6. İleocekal kapak sorunları

►İleocekal kapak besinlerin kalın bağırsaktan incebağırsağa geri kaçmasını önleyen ve tek yöne açılan bir kapaktır. Ama kalınbağırsak basıncı arttığında (yeteri kadar sindirilmeyen gıdalar fermantasyonla bağırsak basıncını arttırır) ileocekal kapak geri açılacak ve incebağırsakta bakteri fazlalaşması oluşacak; çünkü kalınbağırsaktaki bakteriler ince bağırsağa geçecek.

***İmmün yanıtın bozulmasının da SIBO’ya neden olduğu ile alakalı çok çalışma var ama ben burada gene bir paradokstan bahsedeceğim. Çünkü incebağırsakta bakteri fazlalaşması bağırsakta inflamasyona neden olmakta ve bu da incebağırsak lumeninde tahribata neden olmaktadır (özellikle de toksin salgılayarak bağırsak duvarına zarar veren bakteriler, klebsiella gibi toksik mukopolisakkarit salgılayan bakteriler). Bozulan bağırsak lumeninin immün yanıtı da bozulmaktadır.
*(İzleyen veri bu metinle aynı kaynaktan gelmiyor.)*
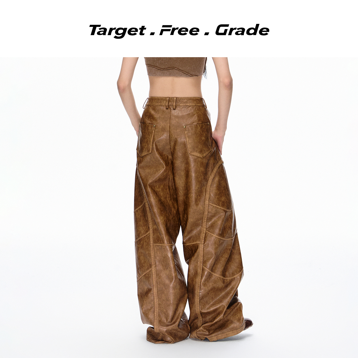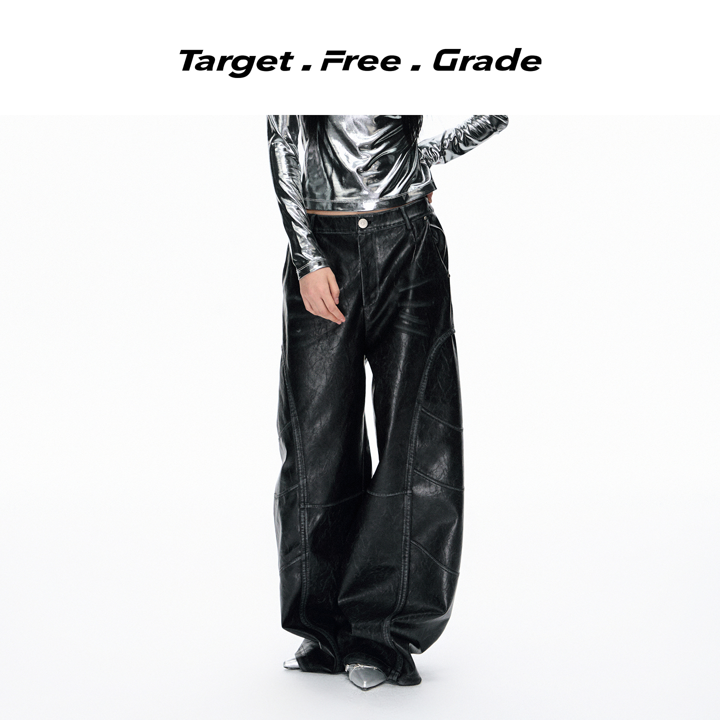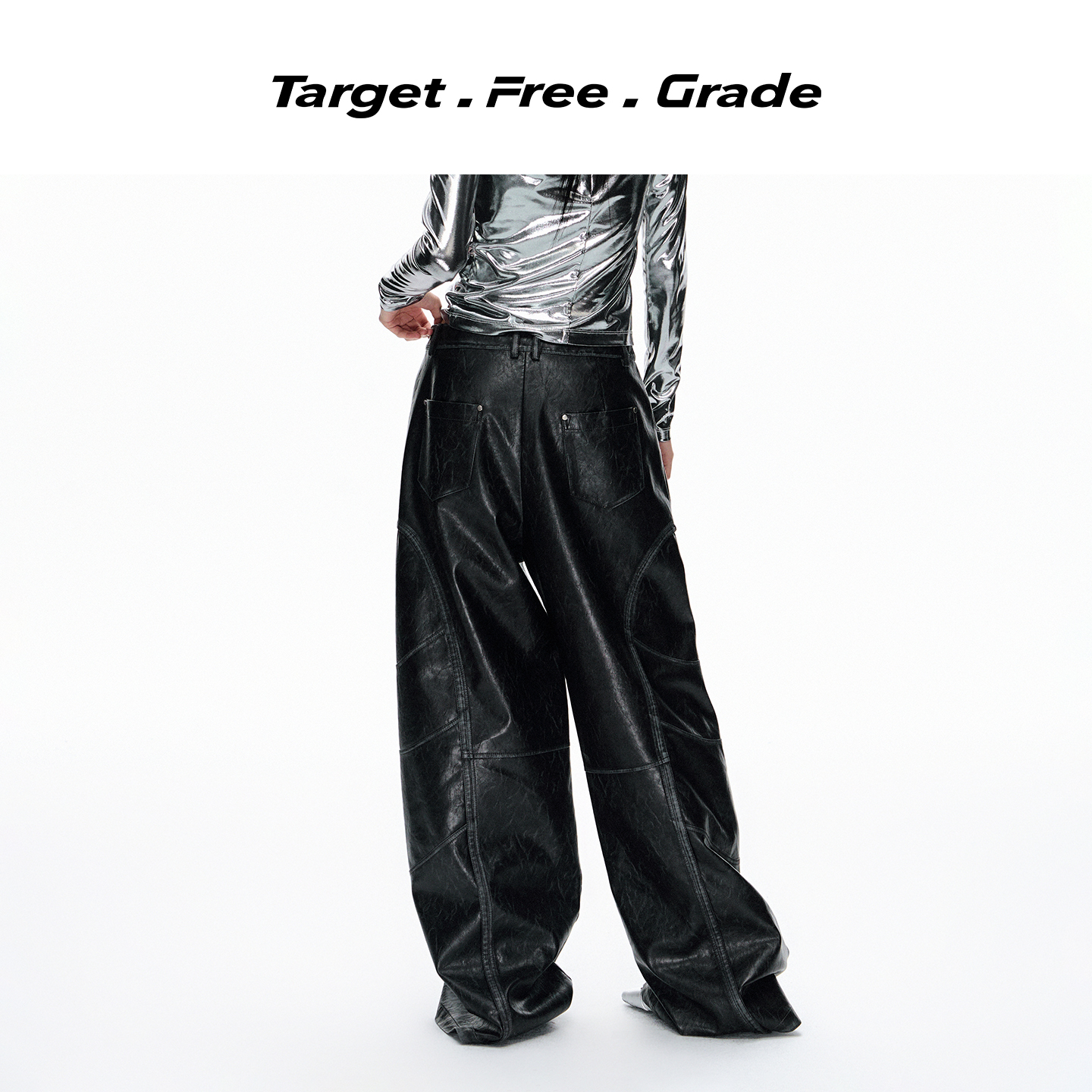 阔腿裤 TFG男女士2025春秋款 宽松设计感情侣pu皮裤 吴宣仪同款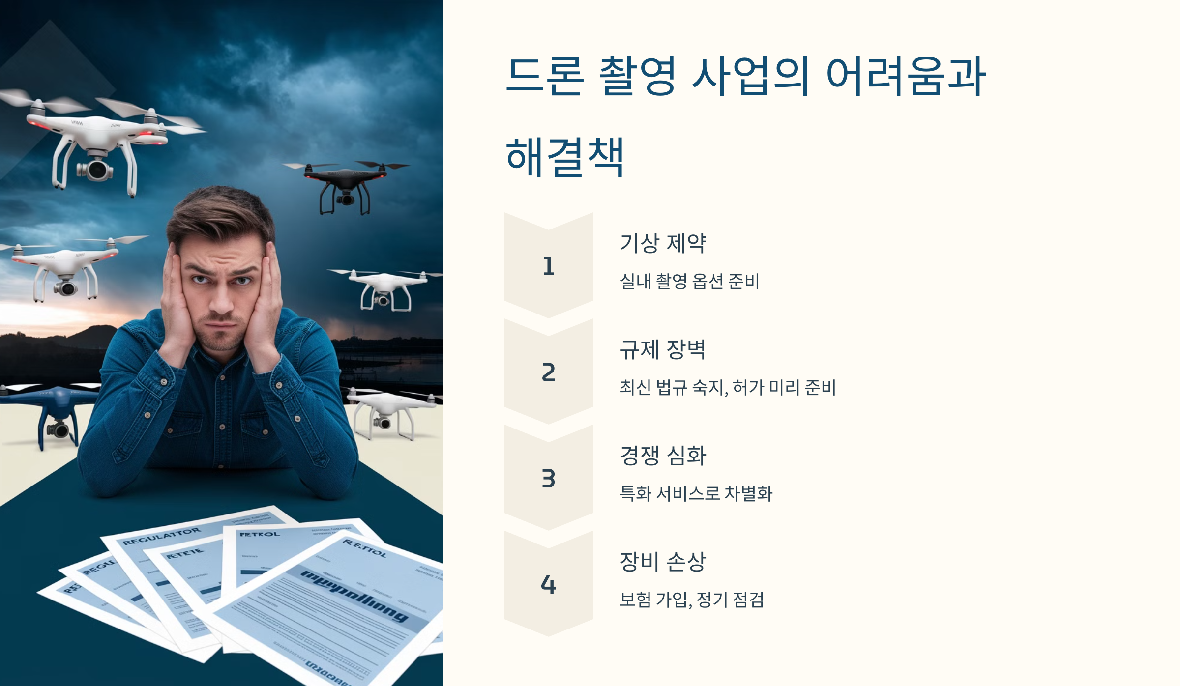 이제 드론 촬영 사업에서 발생할 수 있는 **어려움과 해결책**을 알아볼 차례예요! ⚠️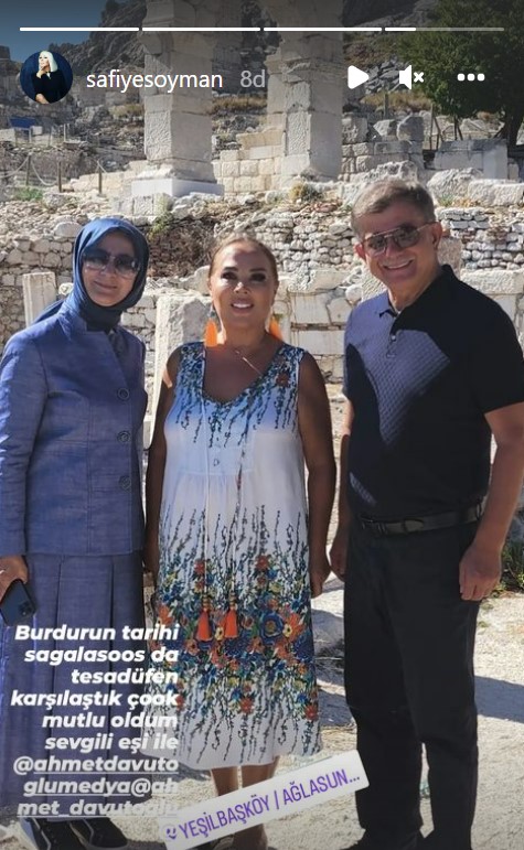Burdur’da Sagalassos’ta gezi sırasında eski başbakan Ahmet Davutoğlu ile karşılaşan Safiye Soyman, o anları sosyal medya hesabından paylaştı. Safiye Soyman’ın paylaştığı fotoğrafta Gelecek Partisi Genel Başkanı Ahmet Davutoğlu ve eşi Sare Davutoğlu yer aldı. Soyman paylaşımında ”Burdur’un tarihi Sagalassos’ta tesadüfen karşılaştık. Çok mutlu oldum.” ifadelerine yer verdi.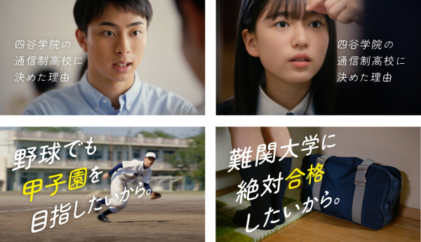本CMは2パターン構成で、四谷学院の通信制高校に決めた理由を、生徒のリアルな変化を家族の気づきとともに描いています。
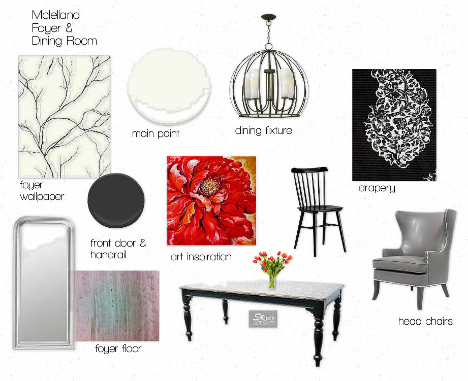 On the biz side of things, Project Deer Run is well on it’s way. The foyer wallpaper is ordered, and the marble for the floor is purchased, ready and waiting. A few revisions have been made. Here is the latest Foyer Dining Room board.

Bunun tam tersi olarak bağırsağın immün yanıtı bozulduğunda da incebağırsakta fazla bakteri üremesine engel olunamamaktadır. Burada yumurta mı tavuktan çıkar yoksa tavuk mu yumurtadan çıkar gibi bir durum oluşmaktadır.

Otoimmün yanıtın baskın olduğu bir vücutta SIBO oluşma olasılığı yüksektir.

SIBO ile Sıkı Bağlantılı Olan Hastalıklar

  • IBS
  • Leaky Gut
  • Hashimato
  • Chron
  • Ulseratif Kolit
  • Çölyak
  • SLE’dir.

7. Pankreas ve safra sıvılarının azalması da SİBO’yu tetiklemektedir (pankreas ve safra hastalıkları).

Evet, o kadar anlattık tek tek altta yatan mekanizmaları…

Peki ne yapacağız?

1-Önce altta yatan nedenleri tespit edeceğiz. Neden ne ise onu direkt düzelteceğiz.
2-Vitamin ve mineral eksiklerini yerine koyacağız (hem eksikleri tamamlamak için çünkü bağırsak emilimi bozuk olacağı için ciddi eksiklikler olabilir, hem de arınma mekanizması için ihtiyacımız olduğundan, bağışıklığı arttırmak için)
3-İntoleranslara göre diyeti düzenleyeceğiz (biofeedback ile bakıyoruz-ya da kan tahlili ile)
4-Fermente gıdaları keseceğiz (çünkü SİBO’da zaten kalınbağırsakta oluşan fazla fermantasyon ve gaz basıncı vardır, ayrıca mayalı gıdaların oluşturacağı pH dengesini ve daha fazla bakteri istemeyiz)
5-Kemik suyu kesilmesi (histamin yüksekliğinden dolayı, lenfatik sistemi tıkamasından dolayı, içerdiği protein bileşiklerine immün sistemin yanıt vermesinden dolayı kesilir)
6-Bağırsak lümenini onaracak tedaviler uygulayacağız (beslenme, fitoterapi, glutamin vs.)
7-Mide asidini düzenleyeceğiz (Bknz: mide sindirimi için öneriler ve mide kuralları postu)
8-Gerekli mekanizmalar düzenlendikten sonra, bağırsak temizlendikten sonra bazı vakalarda uygun probiyotik desteği (çok dikkat)
9-Hareket berekettir (MMC için düzenli egzersiz)
10-Bazı vakalarda iyot (gerekli mekanizmalar ayarlandıktan sonra)
11-Patojen bakteriler için fitoterapik destekler
►Karaciğer detoksu
►Lenfatik çalıştırılması
►Az yağlı beslenme
SIBO tedavisi zaman ve önem gerektirir. Bütüncül bakan bir hekim kontrolünde olmalıdır.